REALLY?


I envy people who Believe. I really do. Cos every day I have to add things to my list of REASONS THERE IS NO GOD.

Don’t get me wrong. I want to believe, as the poster in Mulder’s office once sang. I do. I want to believe in an all-powerful, omnipotent being that gives a shit about us down here.

I really do.

So where is s/he?

Sometimes you feel more alone than you deserve. You can ‘pay it forward’, do your best, whatever. But trust me, sweetheart, it’s not going to make any difference. You can spend you whole fucking life looking after your family, doing what’s best for them, putting aside your apparently petty concerns and working for the Greater Good. And you know what you get at the end of it all?

hoooonnnnkkkk!
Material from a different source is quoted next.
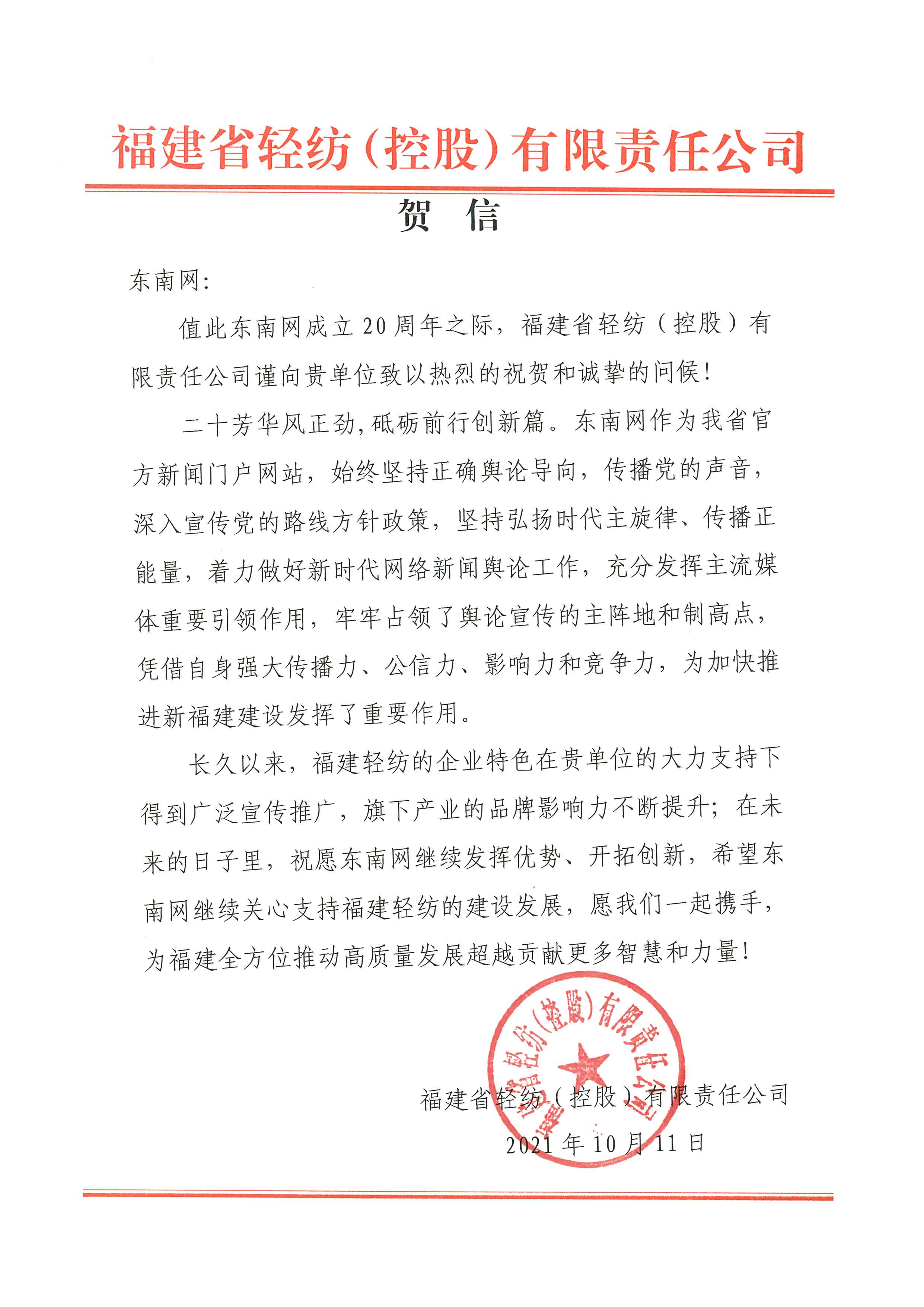 福建省輕紡(控股)有限責(zé)任公司賀信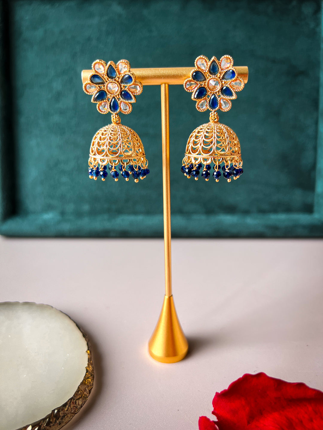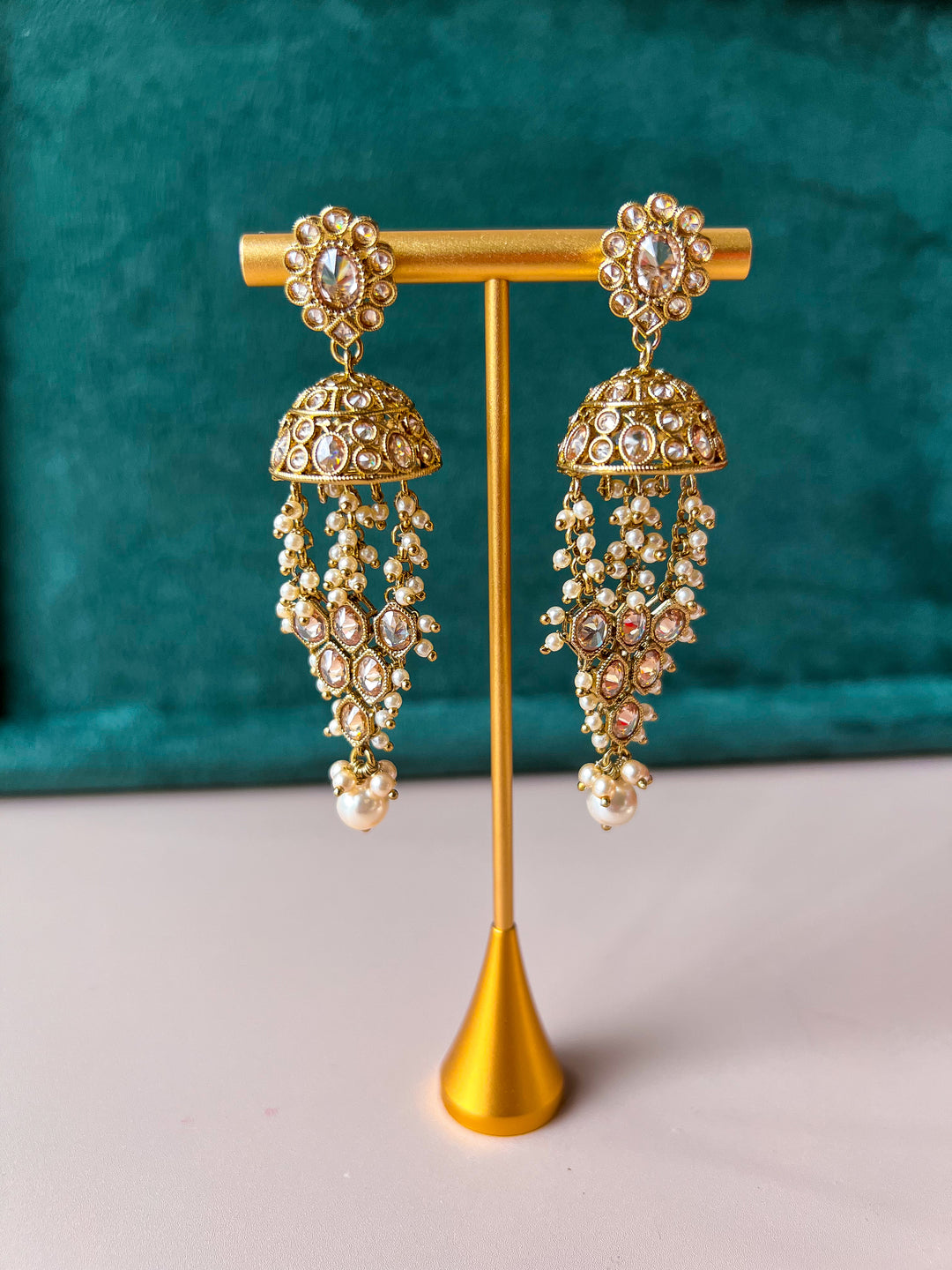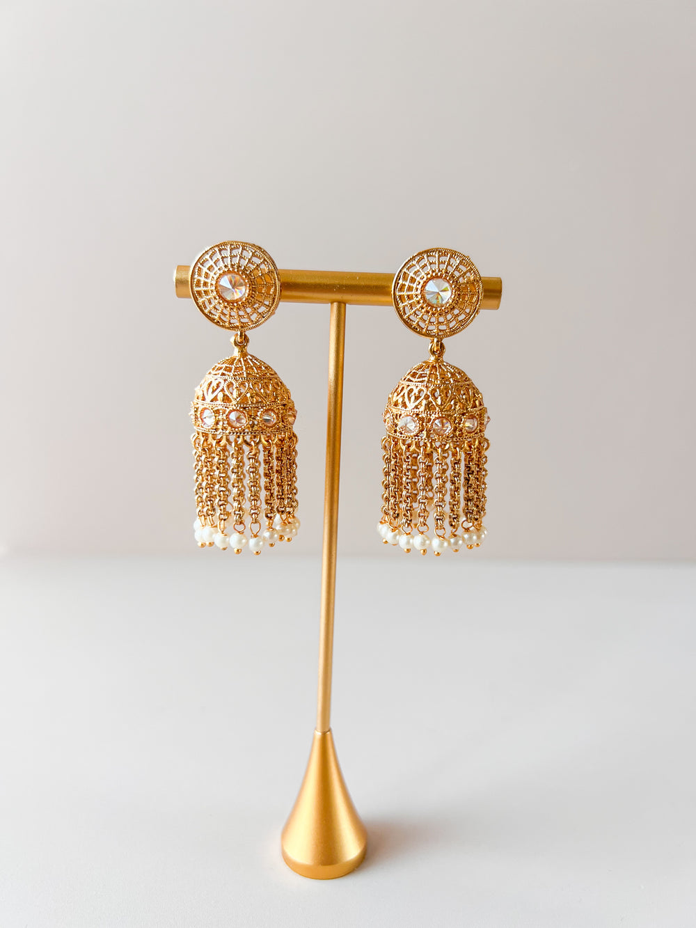 Breng een vleugje traditie én glamour in je sieradencollectie met onze betoverende jhumka oorbellen. Deze iconische, belvormige oorbellen zijn al eeuwenlang geliefd in de Indiase cultuur en vandaag de dag zijn ze niet meer weg te denken uit de moderne sieraden-wereld. In onze jhumka collectie vind je klassieke en moderne ontwerpen met prachtige details.

YES! Exactly! Tell him what he’s won, Johnny! Nothing. Nada. Zip. Zilch. Fuck-all. Nowt.

Cos we know, you and I, that there’s nothing and no-one after the Great Beyond. Once you die, you die. What, you didn’t read the small print? Well boo-fucking-hoo. Here’s ten dollars: go call someone who gives a shit.

Cos I’m all out.

Have been for… ooooh, going on fifteen years, now.

You want me to give a pair of foetid dingo’s kidneys? REALLY?

Not going to happen. Not after the shite I’ve seen.